Records to process: Begin
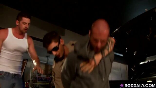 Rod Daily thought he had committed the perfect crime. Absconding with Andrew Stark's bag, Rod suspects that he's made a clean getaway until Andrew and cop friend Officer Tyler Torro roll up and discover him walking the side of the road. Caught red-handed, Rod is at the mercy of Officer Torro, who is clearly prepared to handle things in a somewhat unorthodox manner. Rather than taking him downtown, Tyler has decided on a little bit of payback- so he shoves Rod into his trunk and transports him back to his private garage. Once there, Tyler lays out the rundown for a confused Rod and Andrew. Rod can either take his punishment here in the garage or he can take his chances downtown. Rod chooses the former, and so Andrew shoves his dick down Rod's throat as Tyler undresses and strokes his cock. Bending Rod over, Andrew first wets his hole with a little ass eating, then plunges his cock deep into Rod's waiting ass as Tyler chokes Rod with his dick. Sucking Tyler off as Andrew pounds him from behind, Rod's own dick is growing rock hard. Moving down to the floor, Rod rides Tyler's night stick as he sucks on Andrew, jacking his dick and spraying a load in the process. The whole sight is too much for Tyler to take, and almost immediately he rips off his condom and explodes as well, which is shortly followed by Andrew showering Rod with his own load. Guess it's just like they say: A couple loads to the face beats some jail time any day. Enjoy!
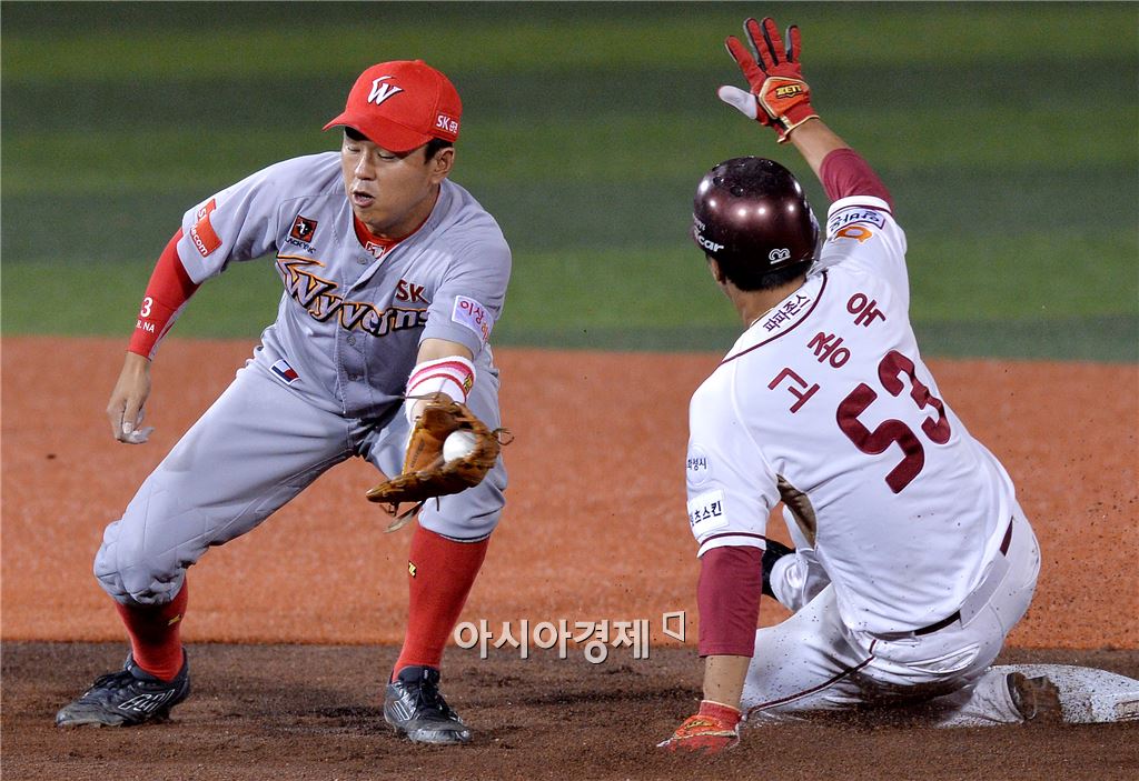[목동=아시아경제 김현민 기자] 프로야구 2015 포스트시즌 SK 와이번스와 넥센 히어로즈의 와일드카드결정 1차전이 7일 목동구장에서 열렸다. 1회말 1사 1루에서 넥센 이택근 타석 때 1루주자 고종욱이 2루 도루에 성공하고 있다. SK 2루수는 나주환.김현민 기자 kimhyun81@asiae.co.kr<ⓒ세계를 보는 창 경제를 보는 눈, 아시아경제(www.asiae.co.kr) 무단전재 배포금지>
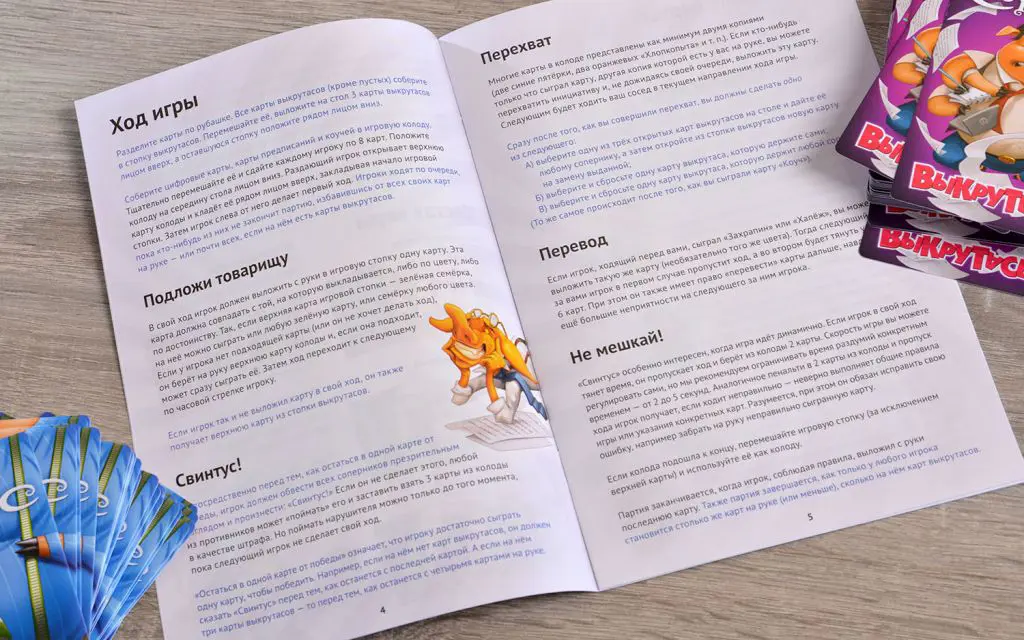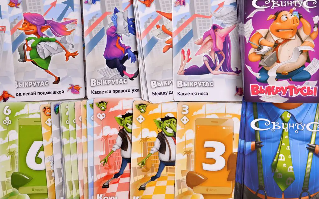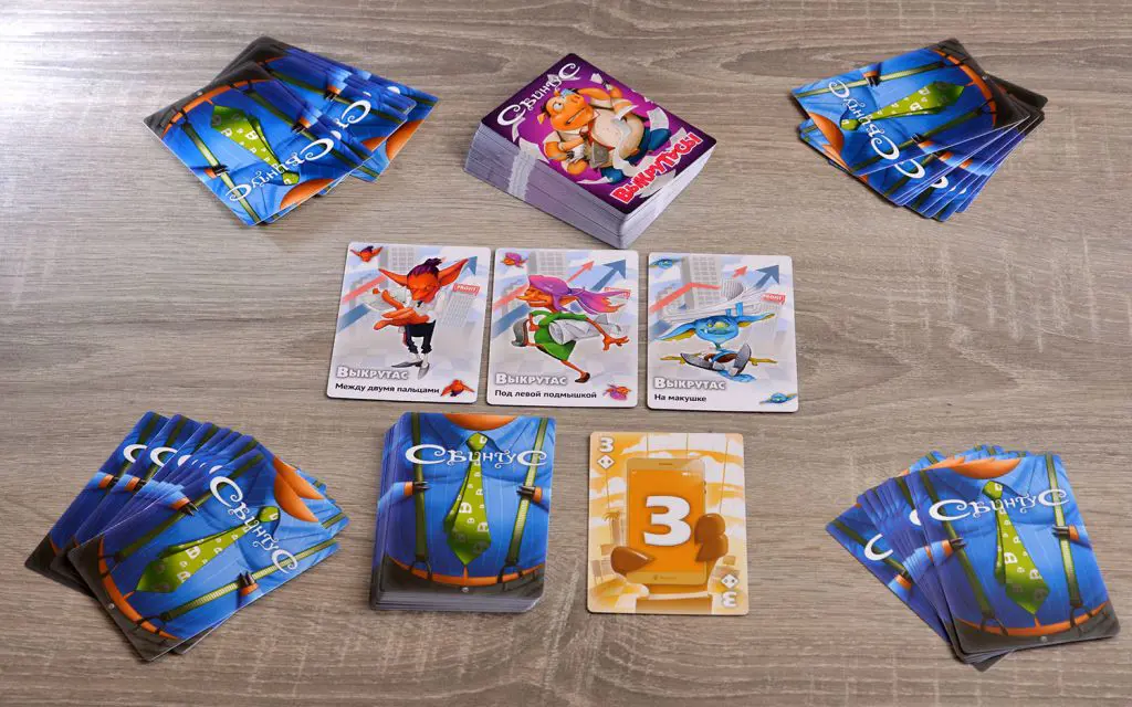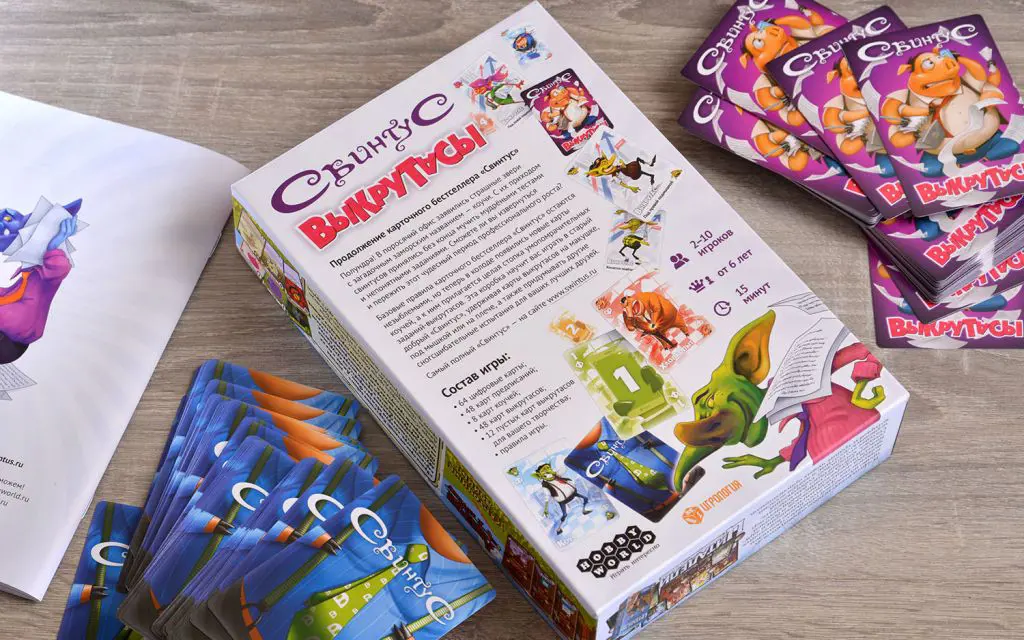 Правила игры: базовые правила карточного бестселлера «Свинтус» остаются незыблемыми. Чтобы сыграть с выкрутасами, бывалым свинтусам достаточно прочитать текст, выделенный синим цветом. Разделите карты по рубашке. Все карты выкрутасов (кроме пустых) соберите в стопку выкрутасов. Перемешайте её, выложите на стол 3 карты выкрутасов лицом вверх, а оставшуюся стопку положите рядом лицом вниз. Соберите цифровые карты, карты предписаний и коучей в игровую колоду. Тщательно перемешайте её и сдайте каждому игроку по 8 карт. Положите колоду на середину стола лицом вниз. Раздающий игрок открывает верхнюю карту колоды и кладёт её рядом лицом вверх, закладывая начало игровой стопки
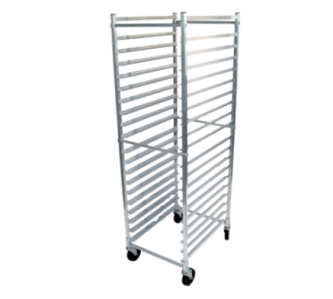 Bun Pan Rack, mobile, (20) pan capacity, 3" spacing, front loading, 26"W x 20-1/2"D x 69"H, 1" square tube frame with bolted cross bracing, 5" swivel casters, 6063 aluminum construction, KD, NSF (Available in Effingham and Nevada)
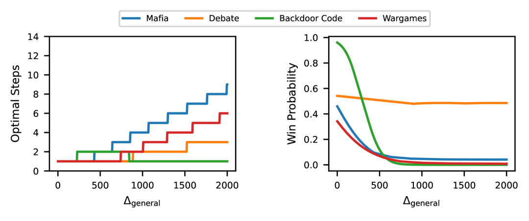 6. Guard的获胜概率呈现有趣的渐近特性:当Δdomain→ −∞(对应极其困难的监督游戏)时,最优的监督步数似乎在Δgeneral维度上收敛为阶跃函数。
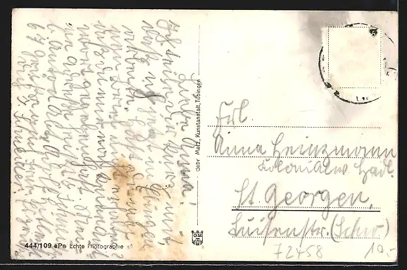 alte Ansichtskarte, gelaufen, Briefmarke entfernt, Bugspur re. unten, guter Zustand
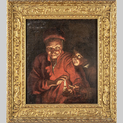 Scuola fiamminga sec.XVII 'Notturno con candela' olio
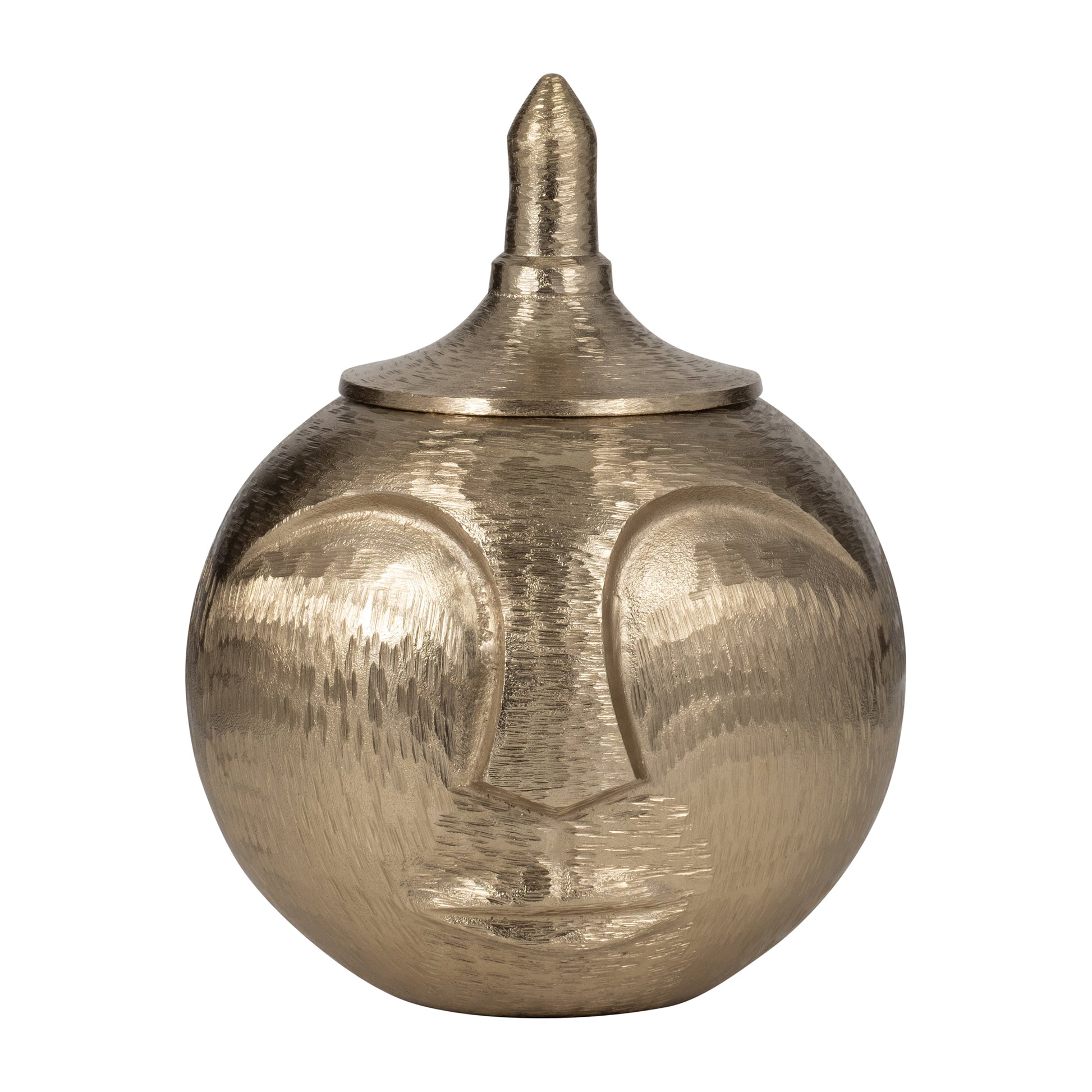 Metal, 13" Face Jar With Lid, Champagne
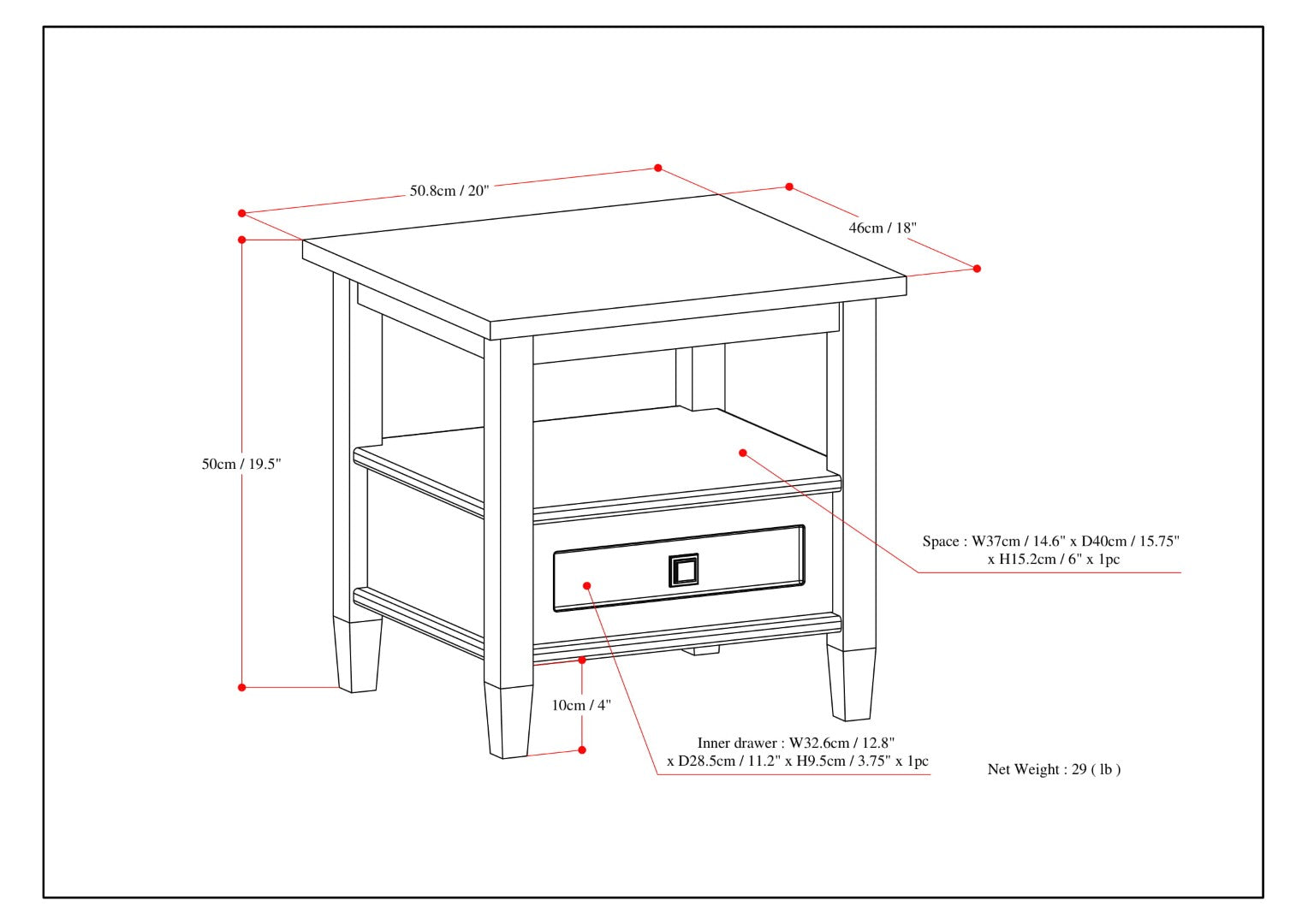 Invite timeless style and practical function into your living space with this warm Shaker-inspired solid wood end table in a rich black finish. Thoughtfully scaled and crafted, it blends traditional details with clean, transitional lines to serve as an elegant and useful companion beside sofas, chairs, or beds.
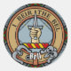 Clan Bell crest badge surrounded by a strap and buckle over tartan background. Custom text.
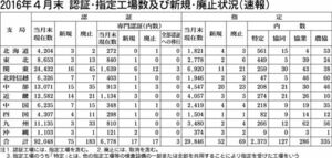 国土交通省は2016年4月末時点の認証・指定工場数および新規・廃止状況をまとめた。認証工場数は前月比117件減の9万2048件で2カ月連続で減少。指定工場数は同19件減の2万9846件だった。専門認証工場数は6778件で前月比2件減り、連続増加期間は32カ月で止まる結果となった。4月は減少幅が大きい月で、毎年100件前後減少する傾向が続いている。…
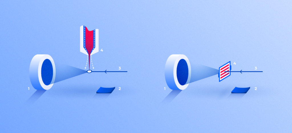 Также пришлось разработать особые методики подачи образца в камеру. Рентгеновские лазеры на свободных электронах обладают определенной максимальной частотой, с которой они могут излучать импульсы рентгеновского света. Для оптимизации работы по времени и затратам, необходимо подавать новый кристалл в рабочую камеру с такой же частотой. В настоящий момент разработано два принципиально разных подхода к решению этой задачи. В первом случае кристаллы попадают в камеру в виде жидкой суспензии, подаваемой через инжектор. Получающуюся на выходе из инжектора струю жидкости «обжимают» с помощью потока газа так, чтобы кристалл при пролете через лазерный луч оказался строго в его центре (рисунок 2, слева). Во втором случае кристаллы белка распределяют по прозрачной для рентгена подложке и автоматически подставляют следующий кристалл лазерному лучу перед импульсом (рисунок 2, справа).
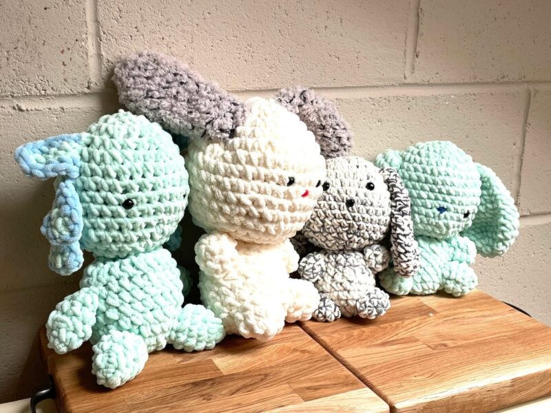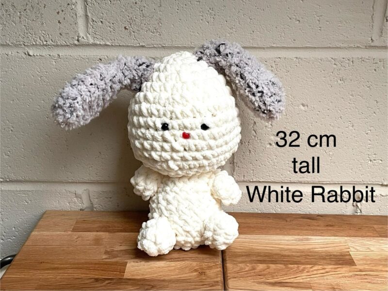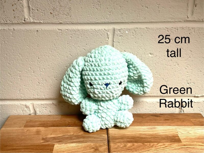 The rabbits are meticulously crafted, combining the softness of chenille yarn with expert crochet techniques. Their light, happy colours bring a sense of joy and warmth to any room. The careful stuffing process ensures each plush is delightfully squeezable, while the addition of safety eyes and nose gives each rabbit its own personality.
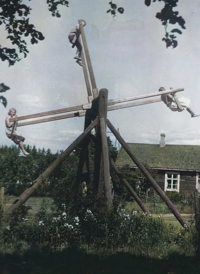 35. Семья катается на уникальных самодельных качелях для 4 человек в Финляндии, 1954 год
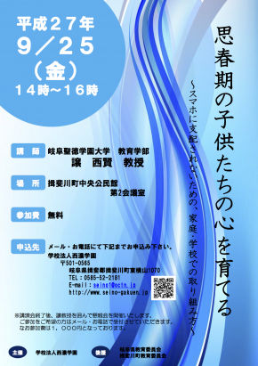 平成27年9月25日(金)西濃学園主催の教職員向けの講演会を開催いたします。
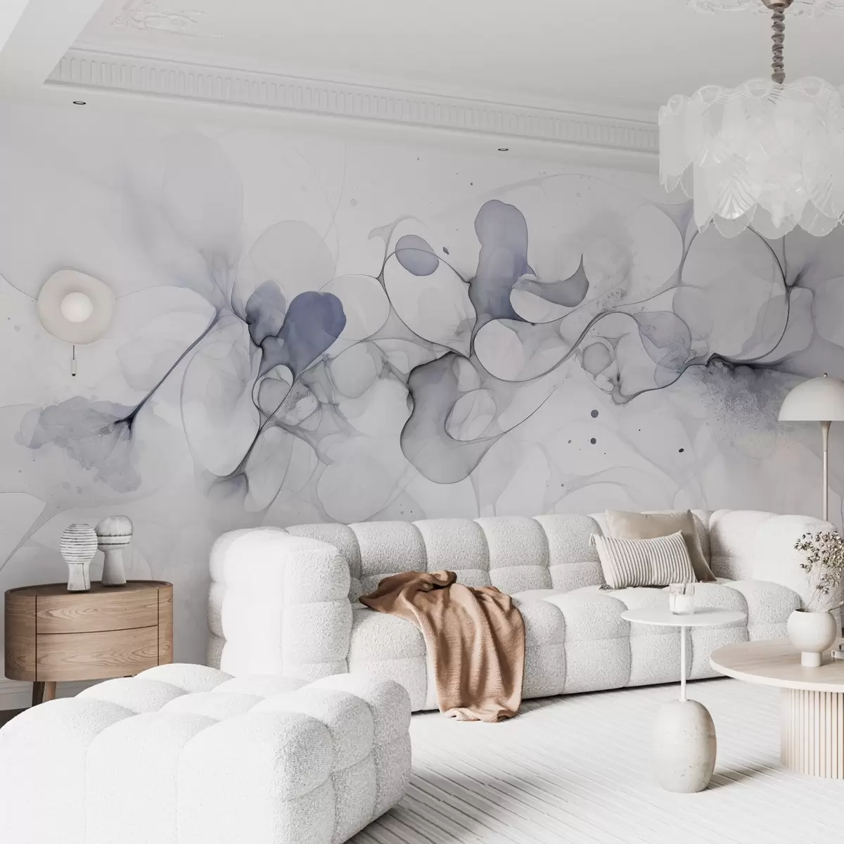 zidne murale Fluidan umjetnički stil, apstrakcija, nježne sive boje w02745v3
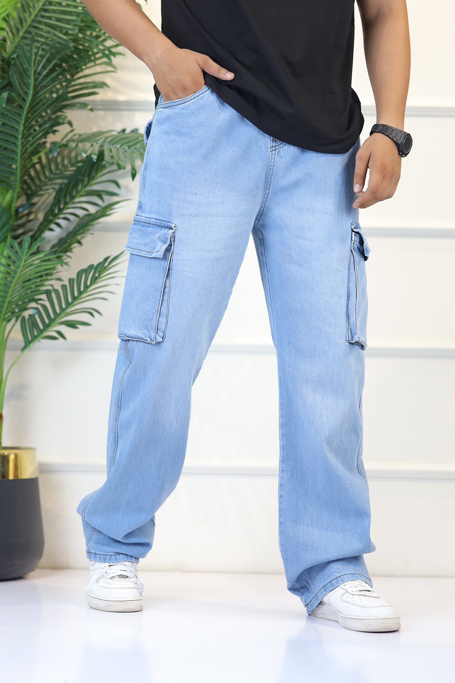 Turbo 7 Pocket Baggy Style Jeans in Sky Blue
Records to process: End
Work item » Every line above between the one containing "[목동=아시아경제 김현민 기자]" and the one containing "Clan Bell crest", those two included, is to be printed exactly. No pictures go into the copy.

Reply »
[목동=아시아경제 김현민 기자] 프로야구 2015 포스트시즌 SK 와이번스와 넥센 히어로즈의 와일드카드결정 1차전이 7일 목동구장에서 열렸다. 1회말 1사 1루에서 넥센 이택근 타석 때 1루주자 고종욱이 2루 도루에 성공하고 있다. SK 2루수는 나주환.김현민 기자 kimhyun81@asiae.co.kr<ⓒ세계를 보는 창 경제를 보는 눈, 아시아경제(www.asiae.co.kr) 무단전재 배포금지>
 Правила игры: базовые правила карточного бестселлера «Свинтус» остаются незыблемыми. Чтобы сыграть с выкрутасами, бывалым свинтусам достаточно прочитать текст, выделенный синим цветом. Разделите карты по рубашке. Все карты выкрутасов (кроме пустых) соберите в стопку выкрутасов. Перемешайте её, выложите на стол 3 карты выкрутасов лицом вверх, а оставшуюся стопку положите рядом лицом вниз. Соберите цифровые карты, карты предписаний и коучей в игровую колоду. Тщательно перемешайте её и сдайте каждому игроку по 8 карт. Положите колоду на середину стола лицом вниз. Раздающий игрок открывает верхнюю карту колоды и кладёт её рядом лицом вверх, закладывая начало игровой стопки
 Bun Pan Rack, mobile, (20) pan capacity, 3" spacing, front loading, 26"W x 20-1/2"D x 69"H, 1" square tube frame with bolted cross bracing, 5" swivel casters, 6063 aluminum construction, KD, NSF (Available in Effingham and Nevada)
 6. Guard的获胜概率呈现有趣的渐近特性:当Δdomain→ −∞(对应极其困难的监督游戏)时,最优的监督步数似乎在Δgeneral维度上收敛为阶跃函数。
 alte Ansichtskarte, gelaufen, Briefmarke entfernt, Bugspur re. unten, guter Zustand
 Scuola fiamminga sec.XVII 'Notturno con candela' olio
 Metal, 13" Face Jar With Lid, Champagne
 Invite timeless style and practical function into your living space with this warm Shaker-inspired solid wood end table in a rich black finish. Thoughtfully scaled and crafted, it blends traditional details with clean, transitional lines to serve as an elegant and useful companion beside sofas, chairs, or beds.
 Clan Bell crest badge surrounded by a strap and buckle over tartan background. Custom text.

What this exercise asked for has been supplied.